Records supplied:
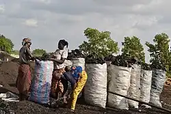 Charcoal trade has a detrimental impact on the environment in Somalia. Notably, charcoal production generates substantial deforestation in the regions of Jubaland, Bay, and Lower Shabelle.[11] The United Nations' Food and Agriculture Organization (FAO) estimates that during the years 2011 to 2017 approximately 8 million acacia trees were felled to produce 16 million bags of charcoal. This means that on average, one tree was cut down every 30 seconds during this seven-year period.[12][13] If such a rate of deforestation continues, it would result in the complete depletion of trees in Somalia by the year 2060.[7][8] Deforestation in turn leaves the country vulnerable to droughts, famines, and floodings and increases the risks for conflicts over resources and severe humanitarian crises.[14]
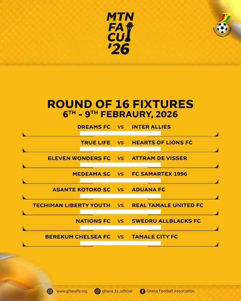 Matches in the Round of 16 are scheduled for the weekend of Friday, February 6 to Monday, February 9, 2026. Kumasi Asante Kotoko are the defending champions.
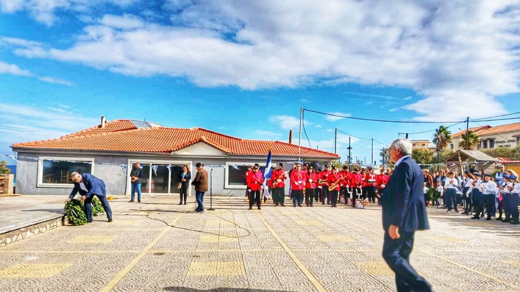Μετά την δοξολογία εψάλη επιμνημόσυνη δέηση στο Μνημείο των ΗΡΩΩΝ και ακολούθησε η Κατάθεση στεφάνων , ενός λεπτού σιγή και η τελετή έκλεισε με την ανάκρουση του Εθνικού Ύμνου από τη Δημοτική Φιλαρμονική Δερβενίου.
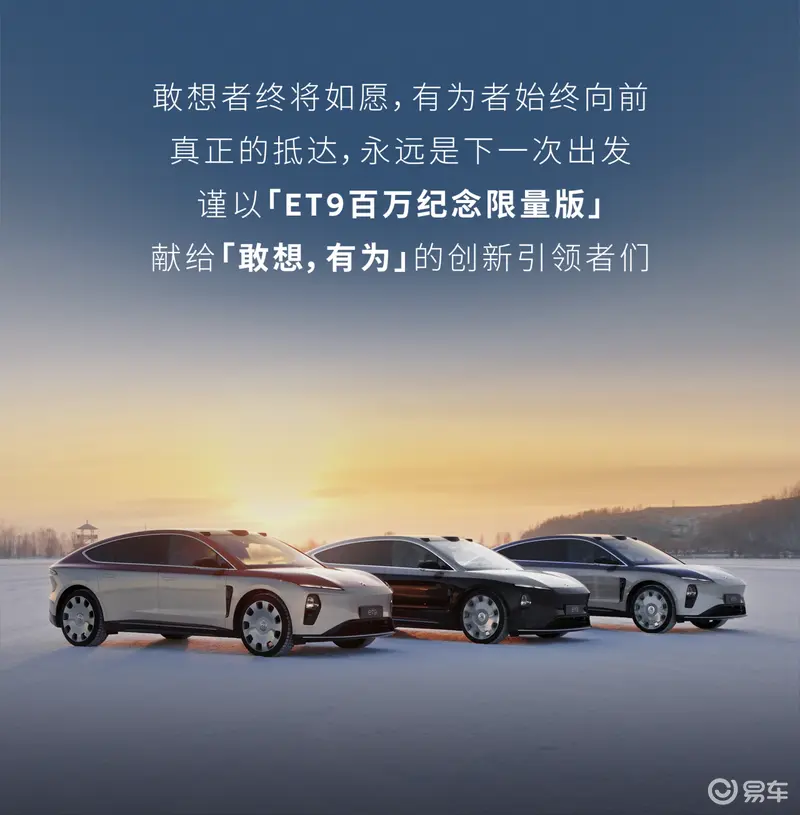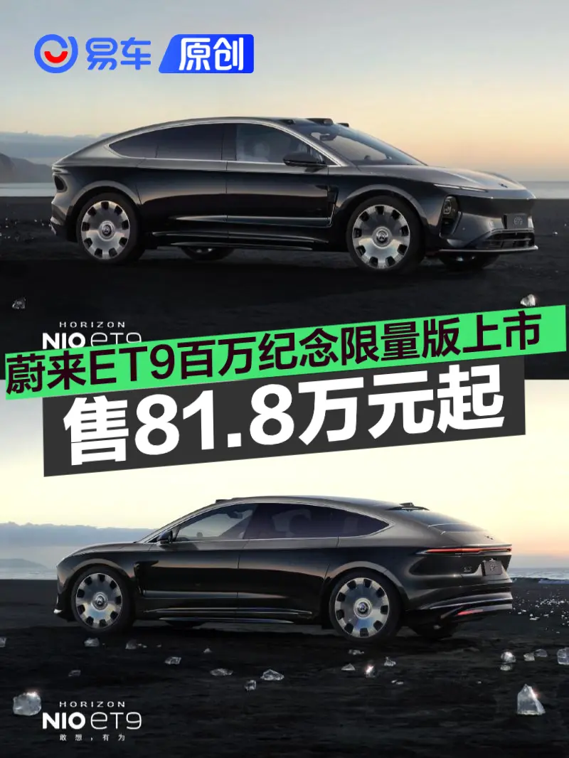 易车讯 1月7日,蔚来宣布值此蔚来第100万台量产车下线之际,正式推出ET9百万纪念限量版车型,售价81.8万元起,采用BaaS电池租用方式购买售价71万元起,全球限量9台。即刻开启大定和锁单,尊享10年免费换电等五大用车场景专属权益。
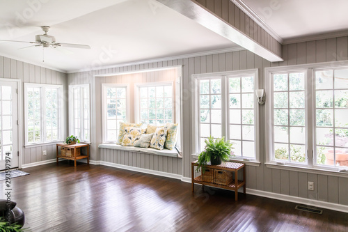 Large And Open Living Room Den Sun Room With Windows On Two Sides
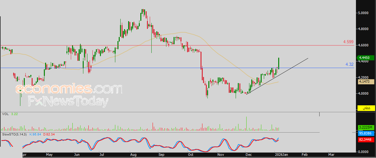 لهذا تشير توقعاتنا إلى صعود سعر السهم خلال تداولاته القادمة، طيلة استقراره اعلى سعر 4.32 ريال، ليستهدف أولى مستويات المقاومة عند سعر 4.599 ريال.
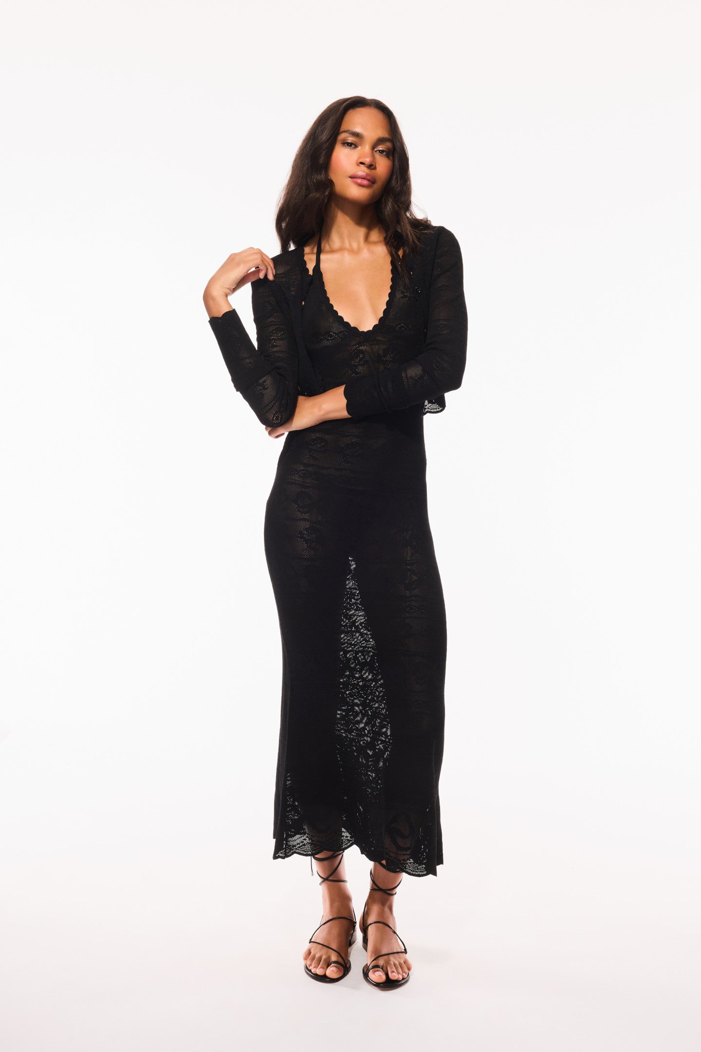 Add a chic layer to your look with the Gretta Cardigan. The charming knit arrives with nice stretch yarn featuring a stunning pointelle jacquard. Patterns of bows and florals are placed throughout the body. With a slim fit, the sweater features a ribbed scallop placket, placed bow and flower motifs, and our custom faux shell buttons.
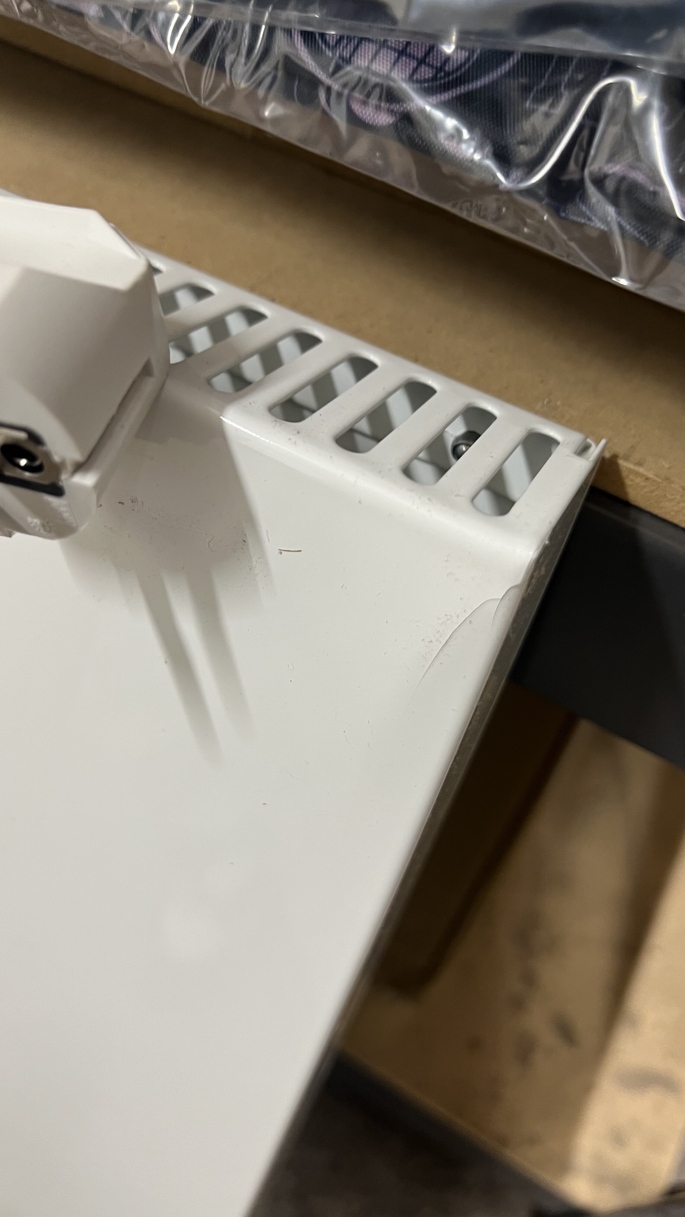 Konvektor má poškozené roky, poškrábaný lak.
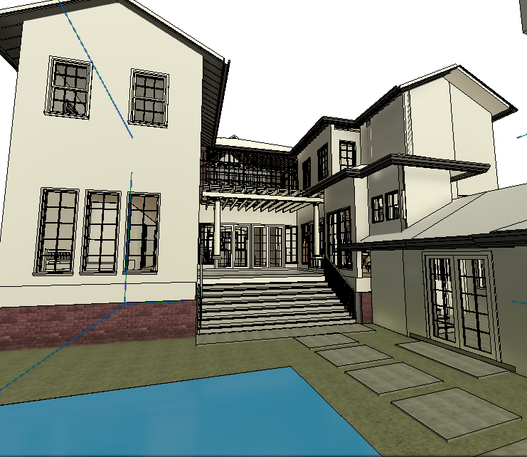 realistic image dusk sky turn on interior lights white washed brick walls white windows and doors white railings add potted plants remove railing at upper balcony add small border around pool roof rafters are white remove railing at upper balcony remove potted plant in window on left remove potted plant on window sill remove handrails at upper balcony
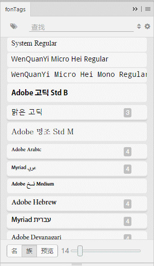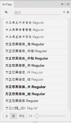 标签会从上到下的筛选,只有满足所有条件的字体才会显示在字体列表中,如果只想指定个别类型的标签,可以在其他类型标签中选择“全部”。
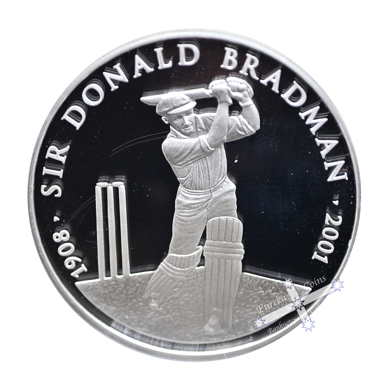 The 2001 $5 Sir Donald Bradman Silver Proof coin is a beautifully struck commemorative release celebrating the life and legacy of this legendary cricketer. Issued as a joint release by the Royal Australian Mint and The Perth Mint, the coin pays tribute to Bradman’s unparalleled career and enduring impact on Australian culture and national identity.
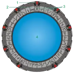 La porte des étoiles présente dans le Stargate Command, a la forme d'un grand anneau extérieur d'environ 6,70 m de diamètre, dans lequel est imbriqué un deuxième anneau, rotatif, sur lequel sont gravés 39 symboles.
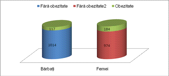 În ceea ce priveste obezitatea, 14,29% din persoane asociaza si obezitate, aceasta fiind mai frecventa in randul femeilor-18,8% fata de 10,3% in cazul barbatilor. Este mult mai frecventa asocierea HTA-DZ tipII-Obezitate care reprezinta 4,89% fata de asocierea separata a HTA cu obezitatea-9,4%, sau a DZ tip II cu obezitatea-1,99%.
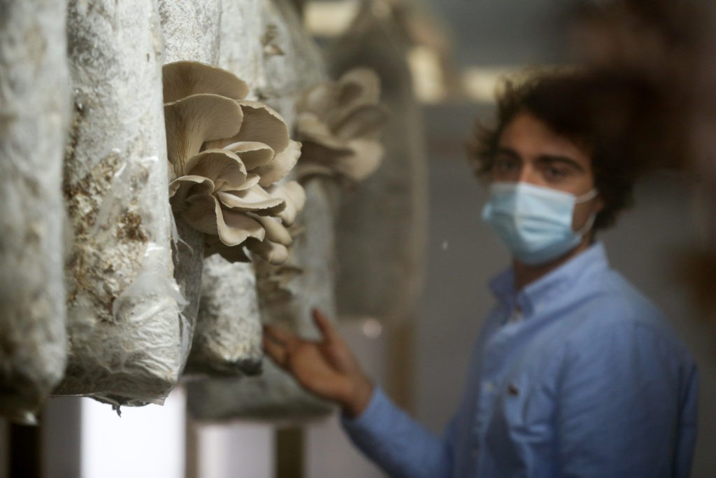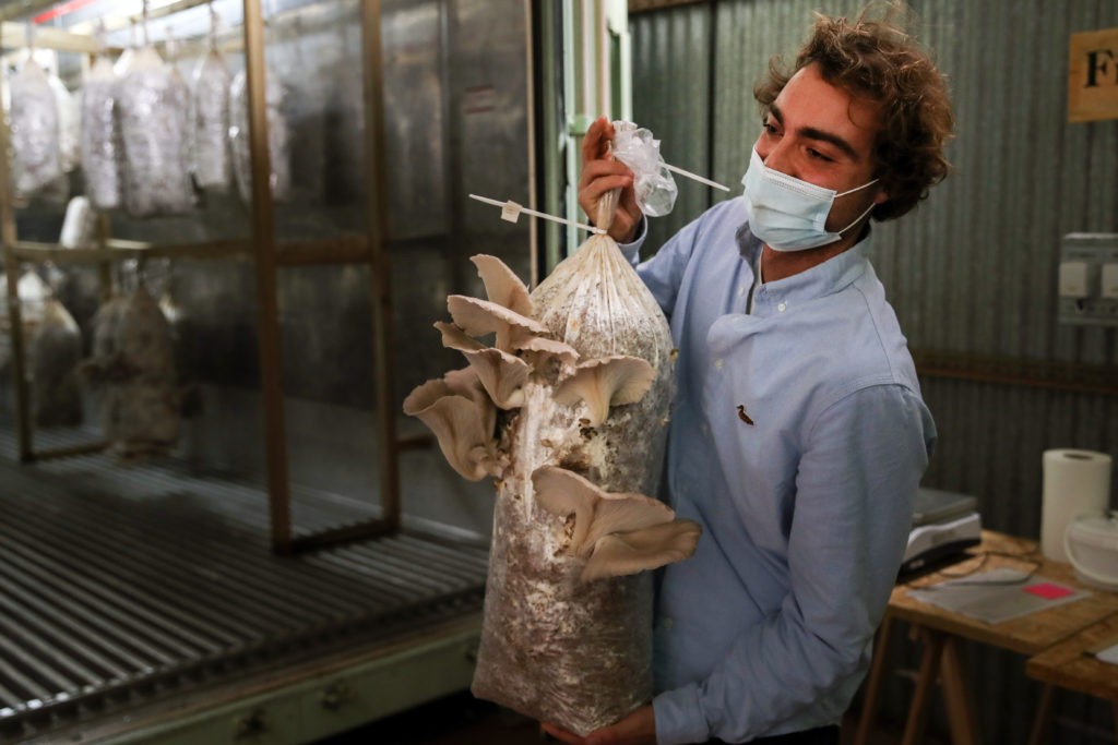 Uma “quinta” no meio de Lisboa produz diariamente 10 a 20 quilos de cogumelos, mas Natan Jacquemin quer chegar rapidamente a uma tonelada por mês, o que significará a reciclagem mensal de três toneladas de borras de café.

Task directions: Omit every picture, and please return the entries exactly from the first line through the line with "Konvektor má poškozené roky, poškrábaný lak.", both included.

Expected answer:
 Charcoal trade has a detrimental impact on the environment in Somalia. Notably, charcoal production generates substantial deforestation in the regions of Jubaland, Bay, and Lower Shabelle.[11] The United Nations' Food and Agriculture Organization (FAO) estimates that during the years 2011 to 2017 approximately 8 million acacia trees were felled to produce 16 million bags of charcoal. This means that on average, one tree was cut down every 30 seconds during this seven-year period.[12][13] If such a rate of deforestation continues, it would result in the complete depletion of trees in Somalia by the year 2060.[7][8] Deforestation in turn leaves the country vulnerable to droughts, famines, and floodings and increases the risks for conflicts over resources and severe humanitarian crises.[14]
 Matches in the Round of 16 are scheduled for the weekend of Friday, February 6 to Monday, February 9, 2026. Kumasi Asante Kotoko are the defending champions.
Μετά την δοξολογία εψάλη επιμνημόσυνη δέηση στο Μνημείο των ΗΡΩΩΝ και ακολούθησε η Κατάθεση στεφάνων , ενός λεπτού σιγή και η τελετή έκλεισε με την ανάκρουση του Εθνικού Ύμνου από τη Δημοτική Φιλαρμονική Δερβενίου.
 易车讯 1月7日,蔚来宣布值此蔚来第100万台量产车下线之际,正式推出ET9百万纪念限量版车型,售价81.8万元起,采用BaaS电池租用方式购买售价71万元起,全球限量9台。即刻开启大定和锁单,尊享10年免费换电等五大用车场景专属权益。
 Large And Open Living Room Den Sun Room With Windows On Two Sides
 لهذا تشير توقعاتنا إلى صعود سعر السهم خلال تداولاته القادمة، طيلة استقراره اعلى سعر 4.32 ريال، ليستهدف أولى مستويات المقاومة عند سعر 4.599 ريال.
 Add a chic layer to your look with the Gretta Cardigan. The charming knit arrives with nice stretch yarn featuring a stunning pointelle jacquard. Patterns of bows and florals are placed throughout the body. With a slim fit, the sweater features a ribbed scallop placket, placed bow and flower motifs, and our custom faux shell buttons.
 Konvektor má poškozené roky, poškrábaný lak.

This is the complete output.